Return Type Description
SyscallHandler SyscallHandler The handler object created.

Callback Signature

Callback Signature

def callback(t: ThreadContext, handler: HandledSyscall) -> None:

Parameters:

Argument Type Description
t ThreadContext The thread that hit the syscall.
handler SyscallHandler The SyscallHandler object that triggered the callback.

Nuances of Syscall Handling

The syscall handler is the only stopping event that can be triggered by the same syscall twice in a row. This is because the handler is triggered both when the syscall is entered and when it is exited. As a result the hit_on() method of the SyscallHandler object will return True in both instances.

You can also use the hit_on_enter() and hit_on_exit() functions to check if the cause of the process stop was the syscall entering or exiting, respectively.

As for the hit_count attribute, it only stores the number of times the syscall was exited.


Example usage of asynchronous syscall handlers

def on_enter_open(t: ThreadContext, handler: SyscallHandler):
    print("entering open")
    t.syscall_arg0 = 0x1

def on_exit_open(t: ThreadContext, handler: SyscallHandler):
    print("exiting open")
    t.syscall_return = 0x0

handler = d.handle_syscall(syscall="open", on_enter=on_enter_open, on_exit=on_exit_open)

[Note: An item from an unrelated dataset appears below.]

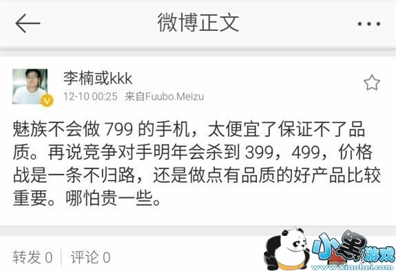 根据魅族论坛网友的爆料来看,今天凌晨,魅族副总裁李楠在微博上发表了对廉价新机的看法。李楠表示,魅族不会做799的手机,因为太便宜了保证不了质量。看来除了否认799传言之外,还在吐槽荣耀、红米等手机质量不行。

Example of synchronous syscall handling

from libdebug import debugger

d = debugger("./test_program")
d.run()

handler = d.handle_syscall(syscall="open")
d.cont()

if handler.hit_on_enter(d):
    print("open syscall was entered")
elif handler.hit_on_exit(d):
    print("open syscall was exited")

The script above will print "open syscall was entered".

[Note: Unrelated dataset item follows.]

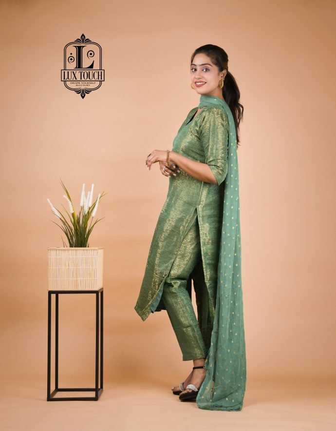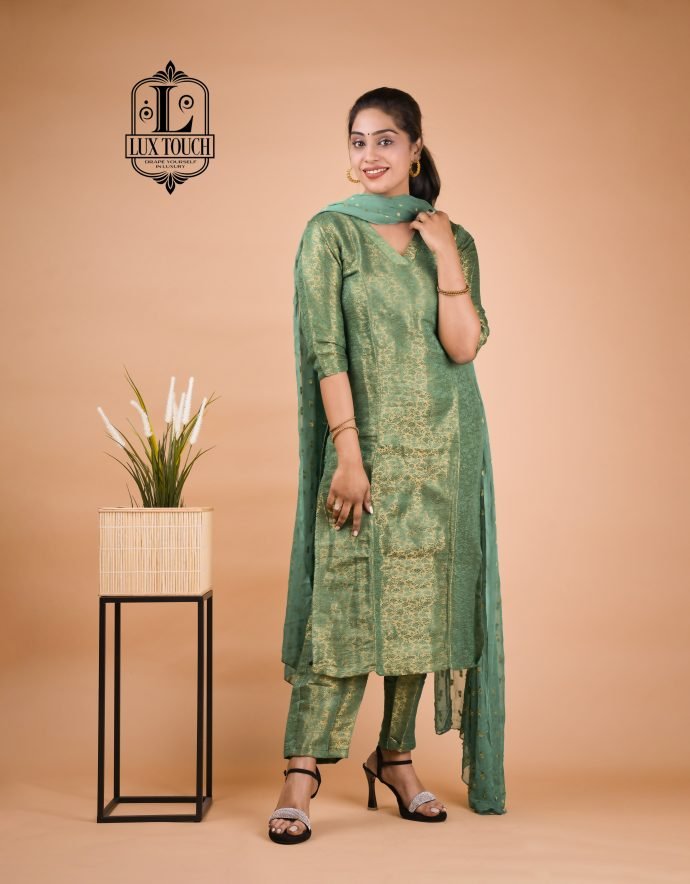 A Banarasi suit set is a beautiful representation of traditional Indian craftsmanship, known for its luxurious fabric and intricate designs. Originating from Varanasi, these sets are woven from fine silk, often interwoven with gold or silver threads, which give them a regal and opulent appearance. The kameez (top) is typically rich in traditional motifs like paisleys, floral patterns, and brocade work, with a soft sheen that enhances its elegance. The design often includes embroidery, sequins, or intricate weaving, showcasing the skill of artisans. Tailored to a flattering silhouette, the kameez may feature different necklines, such as round or V-shaped, adding to its versatility.

Resolution of Syscall Numbers

Syscall handlers can be created with the identifier number of the syscall or by the syscall's common name. In the second case, syscall names are resolved from a definition list for Linux syscalls on the target architecture. The list is fetched from mebeim's syscall table. We thank him for hosting such a precious resource. Once downloaded, the list is cached internally.

Hijacking

When hijacking a syscall, the user can provide an alternative syscall to be executed in place of the original one. Internally, the hijack is implemented by registering a handler for the syscall and replacing the syscall number with the new one.

Function Signature

d.hijack_syscall(original_syscall, new_syscall, recursive=False, **kwargs) 

Parameters:

Argument Type Description
original_syscall int | str The syscall number or name to be hijacked. If set to "*" or "all" or "ALL", all syscalls will be hijacked.
new_syscall int | str The syscall number or name to be executed instead.
recursive bool If set to True, the handler's callback will be executed even if the syscall was triggered by a hijack or caused by a callback.
**kwargs (int, optional) Additional arguments to be passed to the new syscall.

Returns:

Return Type Description
SyscallHandler SyscallHandler The handler object created.

Example of hijacking a syscall

#include <unistd.h>

char secretBuffer[32] = "The password is 12345678";

int main(int argc, char** argv)
{
    [...]

    read(0, secretBuffer, 31);

    [...]
    return 0;
}
from libdebug import debugger

d = debugger("./test_program")
d.run()

handler = d.hijack_syscall("read", "write")

d.cont()
d.wait()

out = pipe.recvline()
print(out.decode())

In this case, the secret will be leaked to the standard output instead of being overwritten with content from the standard input.

For your convenience, you can also easily provide the syscall parameters to be used when the hijacked syscall is executed:

Example of hijacking a syscall with parameters

#include <unistd.h>

char manufacturerName[32] = "libdebug";
char secretKey[32] = "provola";

int main(int argc, char** argv)
{
    [...]

    read(0, manufacturerName, 31);

    [...]
    return 0;
}
from libdebug import debugger

d = debugger("./test_program")
d.run()

manufacturerBuffer = ...

handler = d.hijack_syscall("read", "write",
    syscall_arg0=0x1,
    syscall_arg1=manufacturerBuffer,
    syscall_arg2=0x100
)

d.cont()
d.wait()

out = pipe.recvline()
print(out.decode())

Again, the secret will be leaked to the standard output.